- Leader: Farid Ghehiouèche
- Founders: Farid Ghehiouèche
- Founded: 2005
- Headquarters: 38, rue Keller 11th arrondissement of Paris
- Ideology: Pro-legalisation of cannabis and drug policy reform
- European affiliation: ENCOD, NORML France, FAAAT

Website
- cannabissansfrontieres.org

= Cannabis Sans Frontières =

Cannabis law reform organization

Cannabis Sans Frontières (Cannabis Without Borders) is a Paris-based organization advocating for cannabis and drug policy reform. Founded in 2005 by Farid Ghehiouèche and Michel Sitbon, the organization aims to destigmatize cannabis usage and influence legislative change both in France and Europe. Known for its multifaceted approach to advocacy, Cannabis Sans Frontières combines political engagement, public education, and cultural impact to push for more progressive drug policies. With a focus on human rights and harm reduction, the organization has gained visibility through its various campaigns, participation in elections, and frequent media appearances.

== Creation ==
Founded in 2005 by Farid Ghehiouèche and Michel Sitbon, Cannabis Sans Frontières has its headquarters at 38, rue Keller in the 11th arrondissement of Paris. Farid Ghehiouèche, the principal founder, has been an outspoken advocate for legal drug regulation, grounded in human rights, risk prevention, and harm reduction from narcotic substances. Michel Sitbon, an influential writer and activist, has contributed to various social causes, from freedom of expression to gender equality and the defense of migrants. The organization is a member of the pan-European network ENCOD and is affiliated in France with NORML France.

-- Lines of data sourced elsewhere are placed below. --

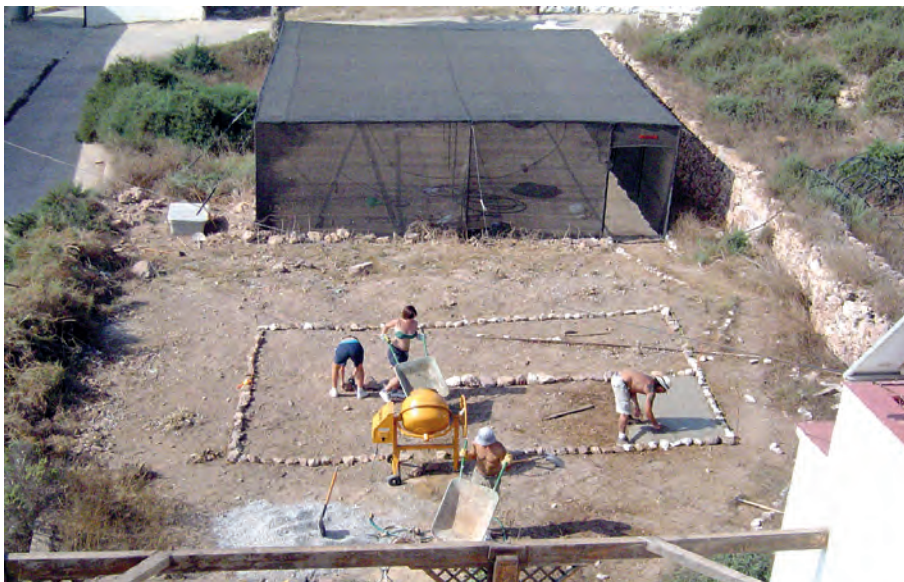
Construcción de un vivero de exterior durante el verano de 2004, junto al umbráculo levantado anterior.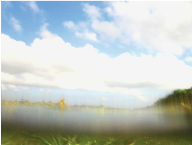
7_Unter der Haut des Wassers, Kehrer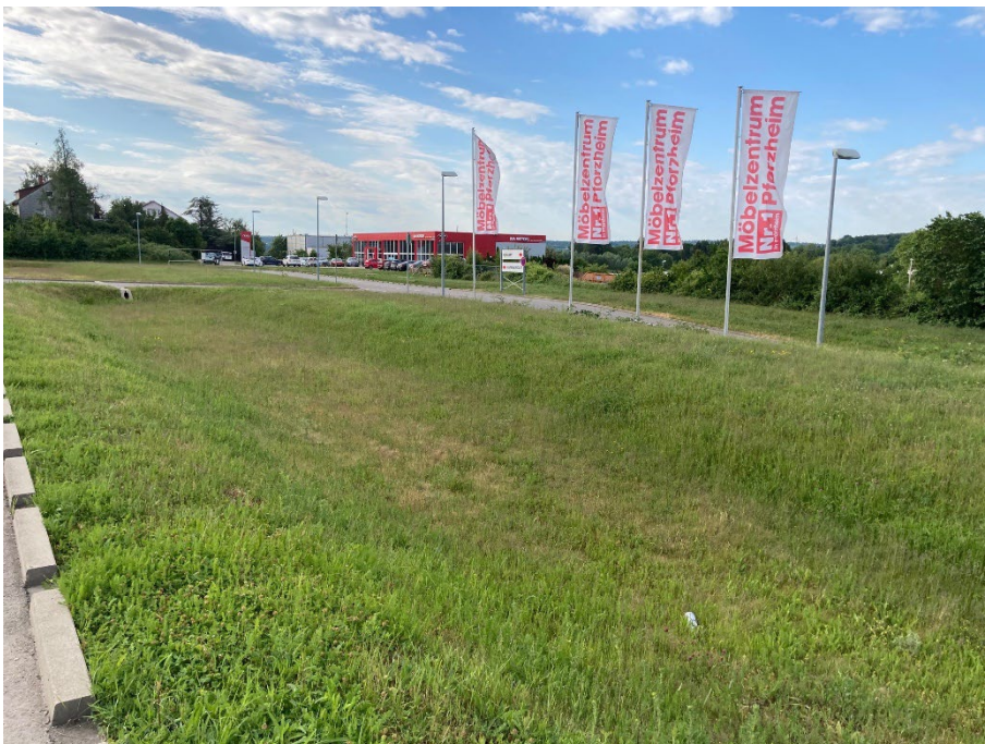
Abb. 2: Entwässerungsmulde des Obsthofstollens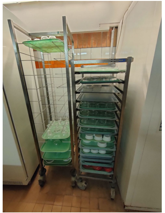
Numéro 10 2 chariots « pose plat »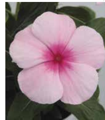
サンダー ストロベリー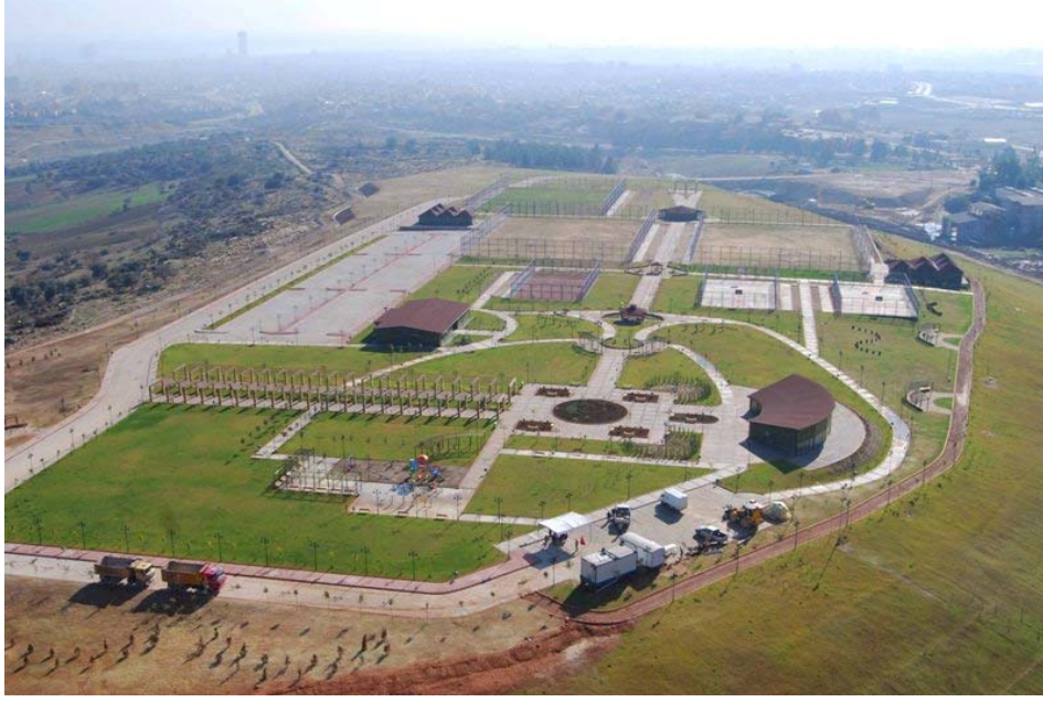
Şekil 4. Rehabilitasyon Sonrası Sahanın Görünümü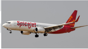
سبايس جت للطيران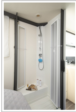
Roller Team Kronos Integriert 265.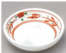
14219-129 赤絵ミニ丸鉢 940円 (95×30mm)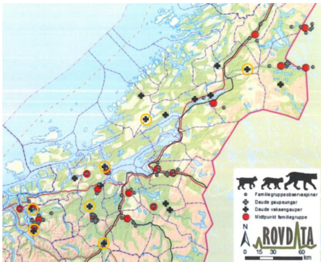
Figur 2: Kart som viser registrerte familiegupper midtpunkt (rød sirkel), familieguppeobservasjoner (grå sirkel), døde gaupeunger (grått kors), døde voksne gauper (svart kors), og døde hunngauper (gul sirkel) for perioden 01.02.21 – 01.03.21.

Registreringene av familiegupper av gaupe er noe ujevnt fordelt i regionen, med klart flest ynglinger i sørvestlig del av regionen (se figur 2). I de nordlig deler av Trøndelag er det ingen familiegupper innenfor forvaltningsområdet.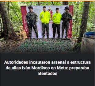
Autoridades incautaron arsenal a estructura de alias Iván Mordisco en Meta: preparaba atentados

Enfrentamientos entre Los Pachencas y las AGC deja más de 60 familias desplazadas en Ocaña: Defensoría del Pueblo exige respeto a los Derechos Humanos

== Actions and mobilisations ==
The organization has been active in various areas since its inception. It has organized the Global Marijuana March in France since 2009. Moreover, they run support campaigns for prisoners of drug repression policies globally, including individuals like Michaël Blanc, Dana Beal, and Bernard Rappaz. They are also supportive of Cannabis Social Clubs in France, even publishing reports to bolster their cause. Recent news highlights their stance against extreme right-wing drug policies and involvement in cases related to money laundering in law enforcement.

== Political engagement ==
Their political footprint is not to be ignored. In 2009, they contested in the European elections, securing 0.14% of the votes. Farid Ghehiouèche attempted to run in the 2012 presidential elections but failed to secure the required 500 signatures. During this campaign, Ghehiouèche was arrested for contempt in Évry while reading an address to François Hollande and Manuel Valls. For this, he was sentenced to a suspended fine of 400 euros and 50 euros in damages to each of the three plaintiffs from the civil party—the insulted police officers. For the 2014 European elections, they presented a list titled "Cannabis sans frontières – Stop prohibition," led by Farid Ghehiouèche, in the Île-de-France – French from abroad constituency. This list obtained 0.23% of the votes cast. They are also active in parliamentary discussions related to cannabis legislation, notably through Senate and National Assembly hearings. Michel Sitbon, as the honorary president, has been a key figure in promoting their political agendas.

== Reception and cultural influence ==
The organization's cultural sway is significant. They are part of the Global Marijuana March, an annual international event since 1999, happening in over 700 cities and 65 countries. In France, activists gather yearly for the "Appel du 18 joint," a tradition since 1993. In the U.S., they've engaged in the "420 cannabis holiday," established to put pressure on Congress for marijuana legalization. Their influence is felt in the health sector as well, critiquing the inadequacy of drug prevention policies in France.